Nov 6, 2009

Case Classes in Ruby

After working a bit in Scala and using the case classes and pattern matching, I've found it's pretty nice to have and it would go well in Ruby! So I've whipped up a little something basic, you can check out the Git repo here: http://github.com/robbrit/ruby_case_classes

What are case classes? They're basically simple classes that don't really do much other than store a set of values (possibly, they don't even need to do that). They're good on their own if you have very basic classes that you want to use, for example exceptions.

With my code, you define a case class like this:
case_class :ClassName, BaseClass, <parameters>
The parameters you pass at the end are the fields of the class and when you instantiate the object you can set them:
case_class :Hello, Object, :title
...
h = Hello.new(:title => "some title")
h.title # => "some title"
Unfortunately at the moment you have to specify the name of the field.

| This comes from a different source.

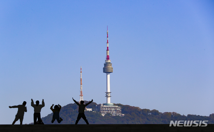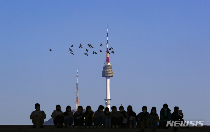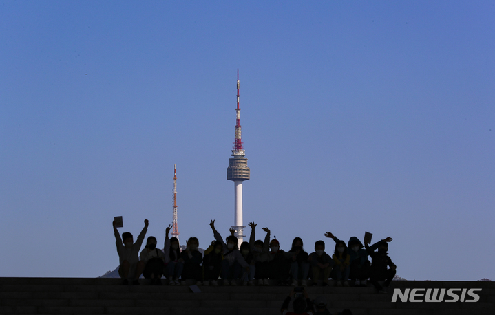 青空が広がった12日午前、ソウル市竜山区の国立中央博物館にやって来て楽しいひとときを過ごしている子どもたち。

Case classes are handy on their own to save a few keystrokes, but where they help a lot more is with pattern matching. Pattern matching comes from functional programming and was adopted by Scala. It is a handy feature to have, so that's why it is here.

To do pattern matching:
case_class :Blah, Object, :title
case_class :Blih, Object, :title
...
blah = Blah.new(:title => "hello")

match blah do
# Type matching
for_case Blih do
...
end

# Guard and type matching
for_case Blah, :title => "hello" do
...
end

# Just guard matching
for_case "_", :title => "hello" do
...
end

# Multiple guards, one of which is a method call
for_case "_", :title => "hello", :to_i => 0 do
...
end

# Match anything - you could put "_" here, but it's optional
for_case do
...
end
end
Here we have four examples of things you can match against. You can match against just a type, you can match against a type with a guard, you can match against just a guard, and you can have a "default" case if it doesn't match anything.
Guards are basic equality conditions that you can use to match against. If the object fits the guards, then the block is executed.
Note there is a fall-through here. The case that is executed is the first one to match the object, later ones that match are not executed.

Some possible improvements:
- match against values instead of just types. For example:
for_case [] do ...
- inequalities instead of strict equalities in guards
- case class new() doesn't need named parameters
Any other suggestions are welcome.

There's one bug (that I know of). It doesn't work at the top-level. So if this is your entire file, it will fail:
include CaseClasses

case_class :Blah, Object
You need to wrap it in some object. I'm probably having a brain-fart or something as to how to fix this, but for now you'll have this limitation. If anybody has a solution around that, feel free to let me know.